Why Do Charter Schools Close?

Source: Ed Reform website, Dec 2011

The research demonstrates that the primary reason charter schools close is related to financial
deficiencies, mainly driven by low student enrollment or inequitable funding.  Fully 41.7 percent
of charter school closures fit into this category, which results when enterprises are not financially sound and should be closed.

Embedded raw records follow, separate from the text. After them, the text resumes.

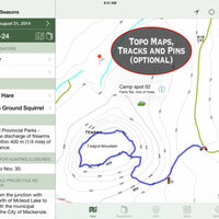 - Mapping Package: Downloadable topo maps. Parks, protected areas, recreation sites and trails. Tracks and pins (waypoints). User configurable map servers. Record tracks and pins using your device's built in GPS. Import / export tracks and pins in GPX format. Note: Continued use of GPS running in the background can dramatically decrease battery life.
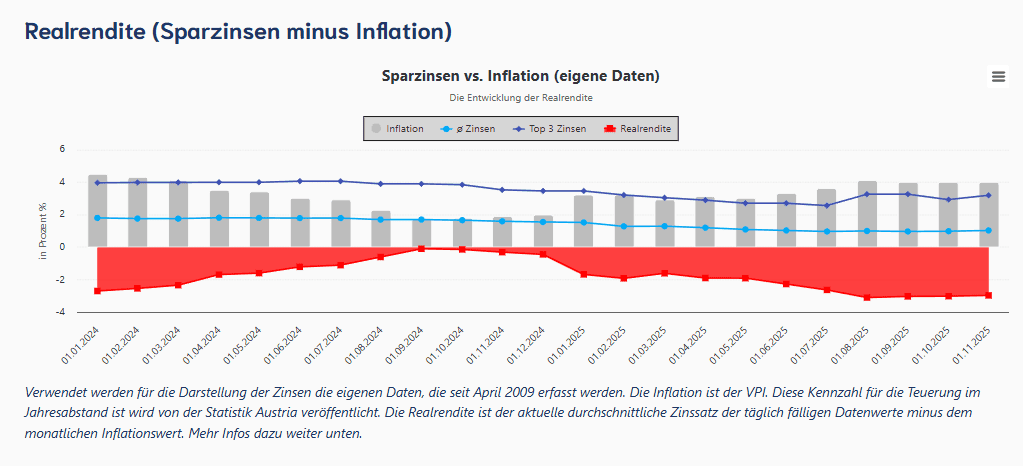 - Sparzinsen rückläufig, Inflation in Österreich weiterhin hoch, deutlich über 3 % im Jahresschnitt, zuletzt wieder bei 4 %. Das ergibt eine negative Realrendite. Das Ersparte verliert so an Kaufkraft.
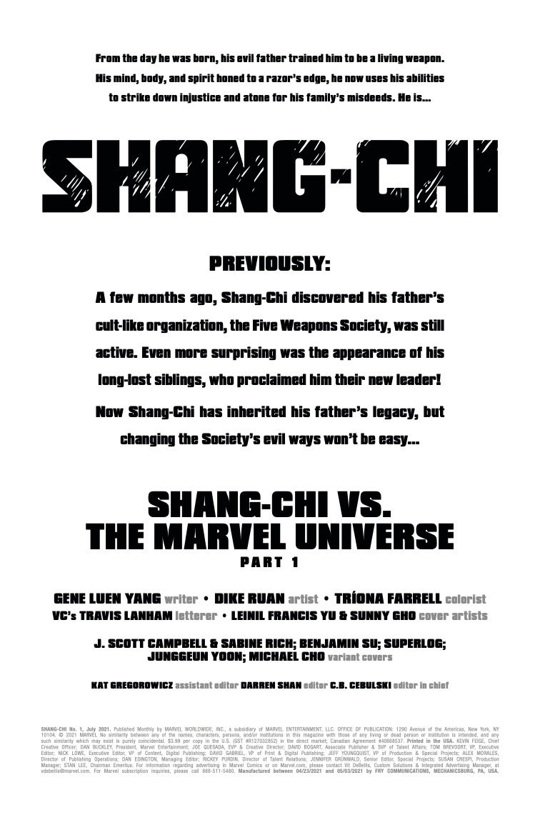 Shang-Chi #1 goes on sale on May 19th, priced $3.99.

Nationwide, charter schools are funded at only 68 percent of their conventional school counterparts, according to the 2010 Annual Survey of America’s Charter Schools.  When charters begin their operations at a deficit because they don’t receive facilities assistance and are receiving less money than other public schools, those deficits can prove to be insurmountable.  The main reason that charter schools start at such a disadvantage is due to state charter school laws that do not ensure equitable funding or facilities help.  Charters are forced to close, or to give up their charter, because weak funding laws force their hand.
Why Charter Schools Close
It is said that a few bad apples shouldn’t spoil the bunch.  But indeed the fact that nearly a quarter of all closed charter schools closed because of ethical violations, makes a big impression on advocates and opponents alike.  Fully 24 percent of all charter schools that are closed do so for reasons related to administrator or sponsor misbehavior.  Sponsors of these schools may deliberately misspend, misrepresent, or refuse to hold the charter school accountable to its contract.